* PROBLEM TO SOLVE: Reproduce the full listing that appears beneath this instruction exactly.

_ _ _

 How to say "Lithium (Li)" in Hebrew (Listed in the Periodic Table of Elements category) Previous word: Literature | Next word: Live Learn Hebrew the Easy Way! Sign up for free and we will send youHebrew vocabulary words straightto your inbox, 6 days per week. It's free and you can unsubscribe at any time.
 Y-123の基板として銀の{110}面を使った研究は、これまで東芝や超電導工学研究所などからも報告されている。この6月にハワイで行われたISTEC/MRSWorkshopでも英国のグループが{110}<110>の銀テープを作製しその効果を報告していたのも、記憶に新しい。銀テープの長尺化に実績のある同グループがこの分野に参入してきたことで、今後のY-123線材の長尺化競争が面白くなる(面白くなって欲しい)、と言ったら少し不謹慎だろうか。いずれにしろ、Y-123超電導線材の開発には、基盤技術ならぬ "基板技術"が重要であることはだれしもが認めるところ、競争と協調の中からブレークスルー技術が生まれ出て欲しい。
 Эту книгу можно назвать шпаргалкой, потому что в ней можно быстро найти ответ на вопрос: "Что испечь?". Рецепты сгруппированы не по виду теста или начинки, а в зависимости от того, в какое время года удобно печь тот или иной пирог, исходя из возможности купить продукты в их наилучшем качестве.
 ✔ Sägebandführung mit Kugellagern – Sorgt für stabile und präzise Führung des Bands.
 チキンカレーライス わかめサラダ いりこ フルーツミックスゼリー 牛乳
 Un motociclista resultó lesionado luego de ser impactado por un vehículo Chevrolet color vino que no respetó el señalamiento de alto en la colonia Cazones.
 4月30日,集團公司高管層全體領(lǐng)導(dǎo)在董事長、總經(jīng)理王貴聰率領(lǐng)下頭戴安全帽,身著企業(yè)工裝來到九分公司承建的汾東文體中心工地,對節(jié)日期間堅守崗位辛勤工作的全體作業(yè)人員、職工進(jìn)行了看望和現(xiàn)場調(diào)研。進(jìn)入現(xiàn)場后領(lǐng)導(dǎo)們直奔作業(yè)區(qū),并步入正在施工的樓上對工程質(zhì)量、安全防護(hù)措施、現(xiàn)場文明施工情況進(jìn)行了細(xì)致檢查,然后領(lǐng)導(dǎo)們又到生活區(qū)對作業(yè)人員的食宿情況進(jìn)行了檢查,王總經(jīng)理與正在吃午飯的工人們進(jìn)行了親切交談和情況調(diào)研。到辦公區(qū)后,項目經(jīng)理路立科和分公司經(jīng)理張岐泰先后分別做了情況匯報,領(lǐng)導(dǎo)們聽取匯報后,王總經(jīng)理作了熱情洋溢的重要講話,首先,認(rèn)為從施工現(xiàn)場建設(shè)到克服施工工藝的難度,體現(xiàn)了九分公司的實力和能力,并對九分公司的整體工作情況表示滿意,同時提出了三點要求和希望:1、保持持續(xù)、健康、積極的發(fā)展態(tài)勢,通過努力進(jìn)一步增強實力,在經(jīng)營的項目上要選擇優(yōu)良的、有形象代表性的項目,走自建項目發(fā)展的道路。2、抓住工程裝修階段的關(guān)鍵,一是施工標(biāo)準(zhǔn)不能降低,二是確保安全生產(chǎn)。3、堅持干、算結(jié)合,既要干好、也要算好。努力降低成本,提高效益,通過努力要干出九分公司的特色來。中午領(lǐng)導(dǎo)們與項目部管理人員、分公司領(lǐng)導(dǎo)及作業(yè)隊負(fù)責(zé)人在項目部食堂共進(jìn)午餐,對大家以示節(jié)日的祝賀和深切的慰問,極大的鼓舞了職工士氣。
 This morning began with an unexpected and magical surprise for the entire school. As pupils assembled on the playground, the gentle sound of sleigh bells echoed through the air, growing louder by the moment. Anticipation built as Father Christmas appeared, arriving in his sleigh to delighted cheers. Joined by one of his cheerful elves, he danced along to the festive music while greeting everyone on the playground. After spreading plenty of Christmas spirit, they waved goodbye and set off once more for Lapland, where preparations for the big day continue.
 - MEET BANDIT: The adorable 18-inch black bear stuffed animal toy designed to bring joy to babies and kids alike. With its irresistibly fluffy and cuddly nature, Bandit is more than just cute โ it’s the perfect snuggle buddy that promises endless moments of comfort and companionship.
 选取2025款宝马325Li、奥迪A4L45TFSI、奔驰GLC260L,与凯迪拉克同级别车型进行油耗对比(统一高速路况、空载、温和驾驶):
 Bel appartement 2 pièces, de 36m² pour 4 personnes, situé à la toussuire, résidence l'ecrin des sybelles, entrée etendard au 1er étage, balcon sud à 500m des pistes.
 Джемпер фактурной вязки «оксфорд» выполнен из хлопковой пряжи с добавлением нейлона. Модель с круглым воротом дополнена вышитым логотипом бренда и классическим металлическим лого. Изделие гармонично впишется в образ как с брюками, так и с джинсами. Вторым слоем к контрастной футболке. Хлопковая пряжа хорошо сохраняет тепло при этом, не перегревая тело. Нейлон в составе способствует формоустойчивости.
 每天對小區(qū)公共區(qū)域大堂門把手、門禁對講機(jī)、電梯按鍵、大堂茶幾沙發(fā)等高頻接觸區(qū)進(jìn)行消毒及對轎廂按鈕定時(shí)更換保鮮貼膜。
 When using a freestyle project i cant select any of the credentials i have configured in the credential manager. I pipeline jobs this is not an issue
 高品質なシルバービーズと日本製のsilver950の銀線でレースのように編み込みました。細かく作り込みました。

_ _ _

* TASK OUTPUT:
 How to say "Lithium (Li)" in Hebrew (Listed in the Periodic Table of Elements category) Previous word: Literature | Next word: Live Learn Hebrew the Easy Way! Sign up for free and we will send youHebrew vocabulary words straightto your inbox, 6 days per week. It's free and you can unsubscribe at any time.
 Y-123の基板として銀の{110}面を使った研究は、これまで東芝や超電導工学研究所などからも報告されている。この6月にハワイで行われたISTEC/MRSWorkshopでも英国のグループが{110}<110>の銀テープを作製しその効果を報告していたのも、記憶に新しい。銀テープの長尺化に実績のある同グループがこの分野に参入してきたことで、今後のY-123線材の長尺化競争が面白くなる(面白くなって欲しい)、と言ったら少し不謹慎だろうか。いずれにしろ、Y-123超電導線材の開発には、基盤技術ならぬ "基板技術"が重要であることはだれしもが認めるところ、競争と協調の中からブレークスルー技術が生まれ出て欲しい。
 Эту книгу можно назвать шпаргалкой, потому что в ней можно быстро найти ответ на вопрос: "Что испечь?". Рецепты сгруппированы не по виду теста или начинки, а в зависимости от того, в какое время года удобно печь тот или иной пирог, исходя из возможности купить продукты в их наилучшем качестве.
 ✔ Sägebandführung mit Kugellagern – Sorgt für stabile und präzise Führung des Bands.
 チキンカレーライス わかめサラダ いりこ フルーツミックスゼリー 牛乳
 Un motociclista resultó lesionado luego de ser impactado por un vehículo Chevrolet color vino que no respetó el señalamiento de alto en la colonia Cazones.
 4月30日,集團公司高管層全體領(lǐng)導(dǎo)在董事長、總經(jīng)理王貴聰率領(lǐng)下頭戴安全帽,身著企業(yè)工裝來到九分公司承建的汾東文體中心工地,對節(jié)日期間堅守崗位辛勤工作的全體作業(yè)人員、職工進(jìn)行了看望和現(xiàn)場調(diào)研。進(jìn)入現(xiàn)場后領(lǐng)導(dǎo)們直奔作業(yè)區(qū),并步入正在施工的樓上對工程質(zhì)量、安全防護(hù)措施、現(xiàn)場文明施工情況進(jìn)行了細(xì)致檢查,然后領(lǐng)導(dǎo)們又到生活區(qū)對作業(yè)人員的食宿情況進(jìn)行了檢查,王總經(jīng)理與正在吃午飯的工人們進(jìn)行了親切交談和情況調(diào)研。到辦公區(qū)后,項目經(jīng)理路立科和分公司經(jīng)理張岐泰先后分別做了情況匯報,領(lǐng)導(dǎo)們聽取匯報后,王總經(jīng)理作了熱情洋溢的重要講話,首先,認(rèn)為從施工現(xiàn)場建設(shè)到克服施工工藝的難度,體現(xiàn)了九分公司的實力和能力,并對九分公司的整體工作情況表示滿意,同時提出了三點要求和希望:1、保持持續(xù)、健康、積極的發(fā)展態(tài)勢,通過努力進(jìn)一步增強實力,在經(jīng)營的項目上要選擇優(yōu)良的、有形象代表性的項目,走自建項目發(fā)展的道路。2、抓住工程裝修階段的關(guān)鍵,一是施工標(biāo)準(zhǔn)不能降低,二是確保安全生產(chǎn)。3、堅持干、算結(jié)合,既要干好、也要算好。努力降低成本,提高效益,通過努力要干出九分公司的特色來。中午領(lǐng)導(dǎo)們與項目部管理人員、分公司領(lǐng)導(dǎo)及作業(yè)隊負(fù)責(zé)人在項目部食堂共進(jìn)午餐,對大家以示節(jié)日的祝賀和深切的慰問,極大的鼓舞了職工士氣。
 This morning began with an unexpected and magical surprise for the entire school. As pupils assembled on the playground, the gentle sound of sleigh bells echoed through the air, growing louder by the moment. Anticipation built as Father Christmas appeared, arriving in his sleigh to delighted cheers. Joined by one of his cheerful elves, he danced along to the festive music while greeting everyone on the playground. After spreading plenty of Christmas spirit, they waved goodbye and set off once more for Lapland, where preparations for the big day continue.
 - MEET BANDIT: The adorable 18-inch black bear stuffed animal toy designed to bring joy to babies and kids alike. With its irresistibly fluffy and cuddly nature, Bandit is more than just cute โ it’s the perfect snuggle buddy that promises endless moments of comfort and companionship.
 选取2025款宝马325Li、奥迪A4L45TFSI、奔驰GLC260L,与凯迪拉克同级别车型进行油耗对比(统一高速路况、空载、温和驾驶):
 Bel appartement 2 pièces, de 36m² pour 4 personnes, situé à la toussuire, résidence l'ecrin des sybelles, entrée etendard au 1er étage, balcon sud à 500m des pistes.
 Джемпер фактурной вязки «оксфорд» выполнен из хлопковой пряжи с добавлением нейлона. Модель с круглым воротом дополнена вышитым логотипом бренда и классическим металлическим лого. Изделие гармонично впишется в образ как с брюками, так и с джинсами. Вторым слоем к контрастной футболке. Хлопковая пряжа хорошо сохраняет тепло при этом, не перегревая тело. Нейлон в составе способствует формоустойчивости.
 每天對小區(qū)公共區(qū)域大堂門把手、門禁對講機(jī)、電梯按鍵、大堂茶幾沙發(fā)等高頻接觸區(qū)進(jìn)行消毒及對轎廂按鈕定時(shí)更換保鮮貼膜。
 When using a freestyle project i cant select any of the credentials i have configured in the credential manager. I pipeline jobs this is not an issue
 高品質なシルバービーズと日本製のsilver950の銀線でレースのように編み込みました。細かく作り込みました。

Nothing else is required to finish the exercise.